## What the task asks
All lines from the one holding "Un système de" through the last line of the entries below must be transcribed exactly, and no others. Pictures do not go in.

## Study material
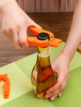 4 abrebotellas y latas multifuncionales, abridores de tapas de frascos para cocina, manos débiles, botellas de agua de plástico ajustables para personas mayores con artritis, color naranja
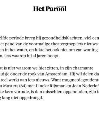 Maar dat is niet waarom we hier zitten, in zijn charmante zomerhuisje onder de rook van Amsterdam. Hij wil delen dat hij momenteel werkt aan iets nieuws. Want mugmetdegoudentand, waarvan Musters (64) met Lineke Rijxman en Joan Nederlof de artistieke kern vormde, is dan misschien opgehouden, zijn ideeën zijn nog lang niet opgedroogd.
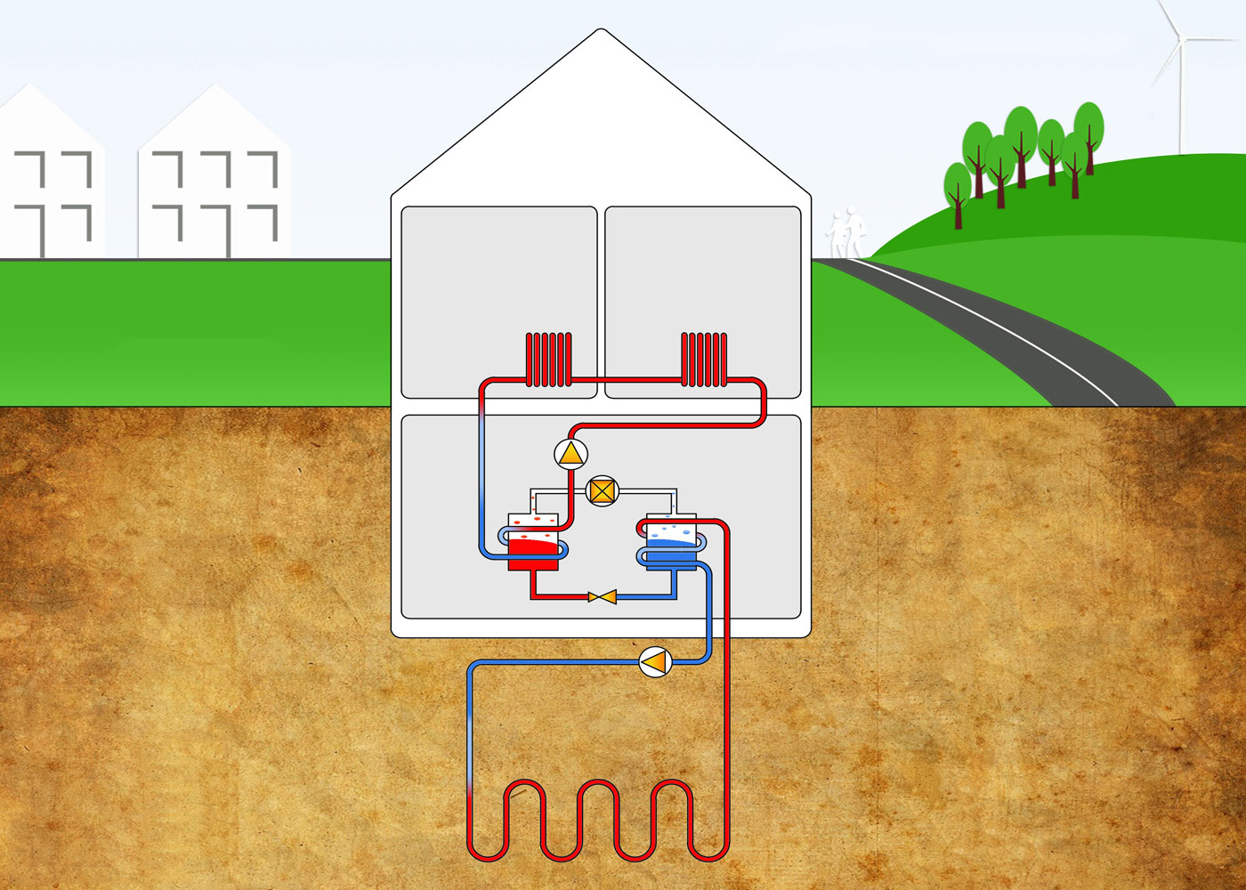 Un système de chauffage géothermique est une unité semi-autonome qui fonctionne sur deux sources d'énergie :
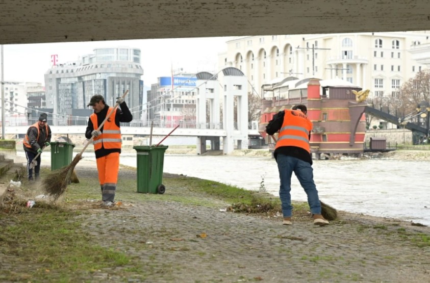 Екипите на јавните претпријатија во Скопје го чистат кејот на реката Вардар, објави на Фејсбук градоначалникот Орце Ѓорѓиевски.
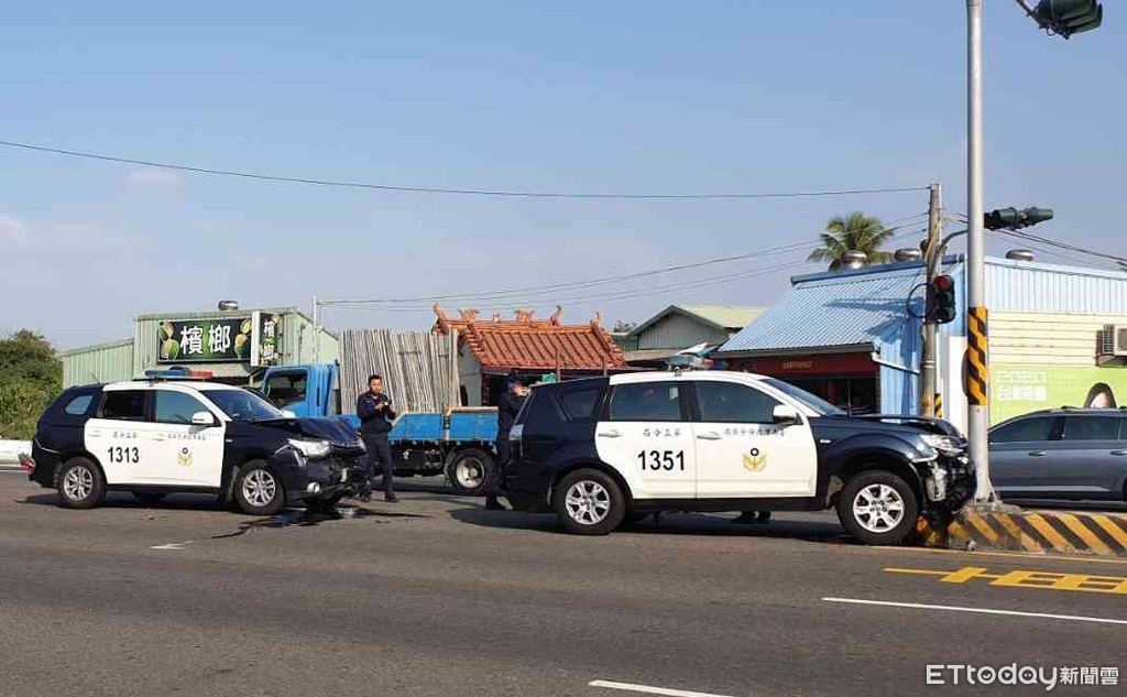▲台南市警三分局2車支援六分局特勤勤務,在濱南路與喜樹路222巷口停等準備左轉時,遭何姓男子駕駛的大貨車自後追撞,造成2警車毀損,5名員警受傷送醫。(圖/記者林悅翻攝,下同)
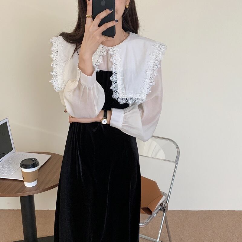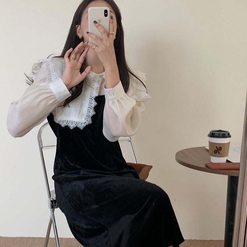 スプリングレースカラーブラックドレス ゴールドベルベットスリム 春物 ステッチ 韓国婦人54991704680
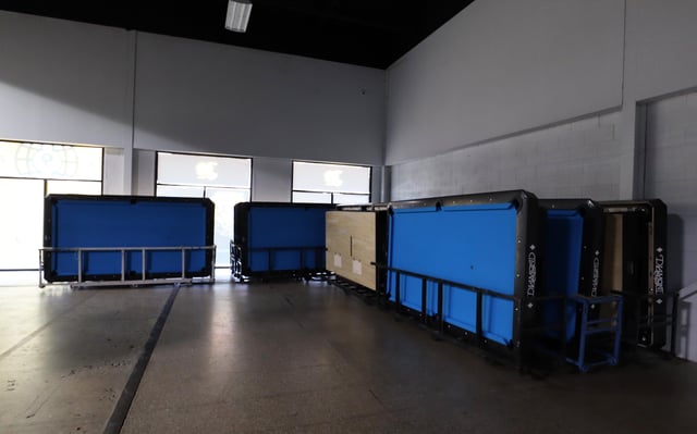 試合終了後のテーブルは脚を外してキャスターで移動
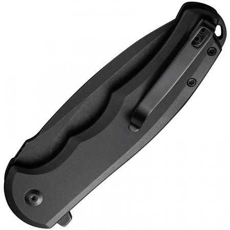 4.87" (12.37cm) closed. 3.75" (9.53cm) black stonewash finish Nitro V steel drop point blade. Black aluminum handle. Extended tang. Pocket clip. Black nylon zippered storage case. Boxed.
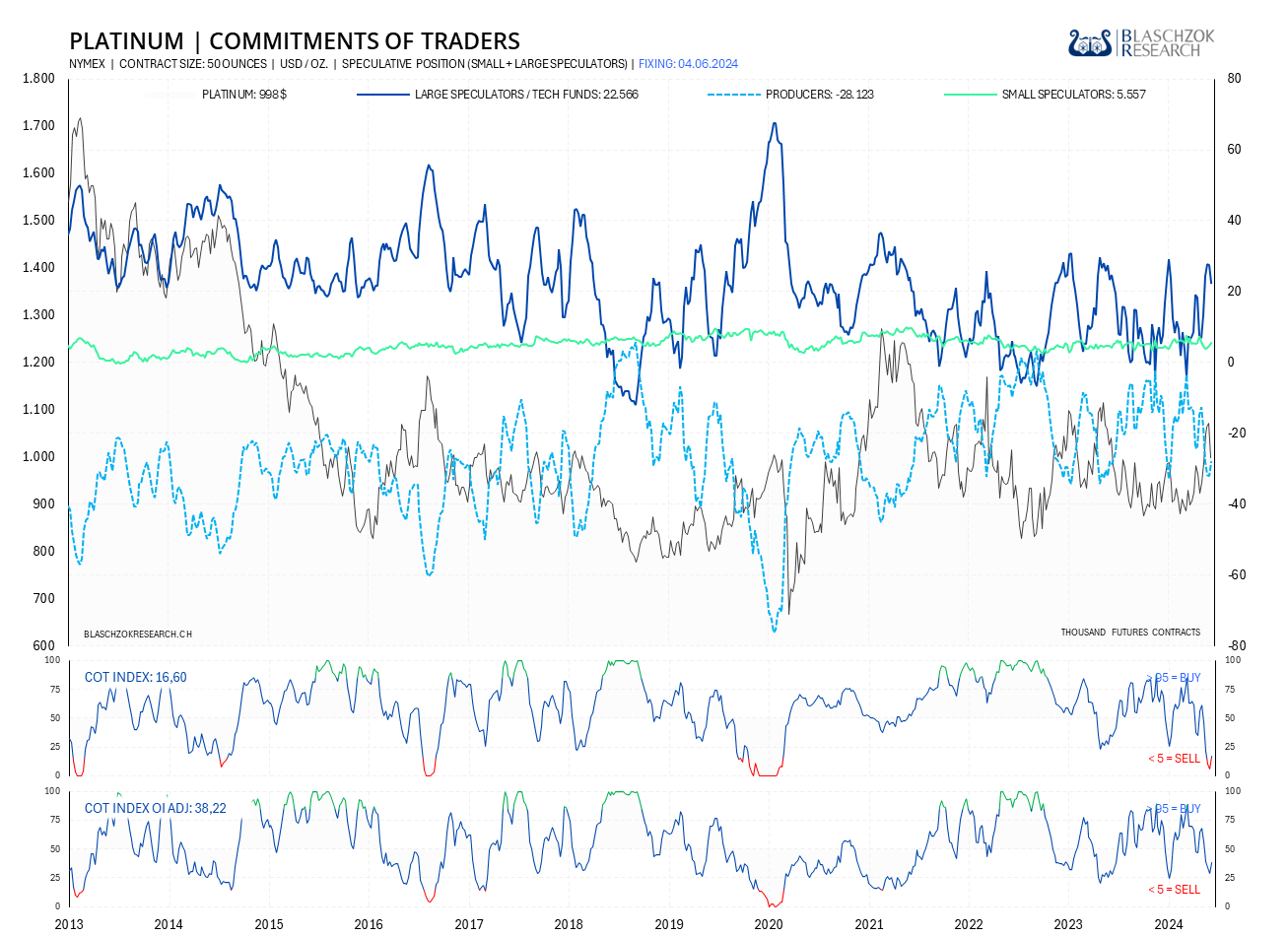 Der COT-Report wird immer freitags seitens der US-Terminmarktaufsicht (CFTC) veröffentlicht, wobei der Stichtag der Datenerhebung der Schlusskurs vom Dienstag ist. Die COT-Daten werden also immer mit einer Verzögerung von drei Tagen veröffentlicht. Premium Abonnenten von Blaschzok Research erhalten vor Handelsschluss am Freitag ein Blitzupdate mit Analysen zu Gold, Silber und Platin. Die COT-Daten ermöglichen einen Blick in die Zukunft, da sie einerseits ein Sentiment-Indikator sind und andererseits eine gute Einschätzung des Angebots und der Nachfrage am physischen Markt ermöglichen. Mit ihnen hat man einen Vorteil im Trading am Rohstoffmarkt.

## Expected output
 Un système de chauffage géothermique est une unité semi-autonome qui fonctionne sur deux sources d'énergie :
 Екипите на јавните претпријатија во Скопје го чистат кејот на реката Вардар, објави на Фејсбук градоначалникот Орце Ѓорѓиевски.
▲台南市警三分局2車支援六分局特勤勤務,在濱南路與喜樹路222巷口停等準備左轉時,遭何姓男子駕駛的大貨車自後追撞,造成2警車毀損,5名員警受傷送醫。(圖/記者林悅翻攝,下同)
 スプリングレースカラーブラックドレス ゴールドベルベットスリム 春物 ステッチ 韓国婦人54991704680
 試合終了後のテーブルは脚を外してキャスターで移動
 4.87" (12.37cm) closed. 3.75" (9.53cm) black stonewash finish Nitro V steel drop point blade. Black aluminum handle. Extended tang. Pocket clip. Black nylon zippered storage case. Boxed.
 Der COT-Report wird immer freitags seitens der US-Terminmarktaufsicht (CFTC) veröffentlicht, wobei der Stichtag der Datenerhebung der Schlusskurs vom Dienstag ist. Die COT-Daten werden also immer mit einer Verzögerung von drei Tagen veröffentlicht. Premium Abonnenten von Blaschzok Research erhalten vor Handelsschluss am Freitag ein Blitzupdate mit Analysen zu Gold, Silber und Platin. Die COT-Daten ermöglichen einen Blick in die Zukunft, da sie einerseits ein Sentiment-Indikator sind und andererseits eine gute Einschätzung des Angebots und der Nachfrage am physischen Markt ermöglichen. Mit ihnen hat man einen Vorteil im Trading am Rohstoffmarkt.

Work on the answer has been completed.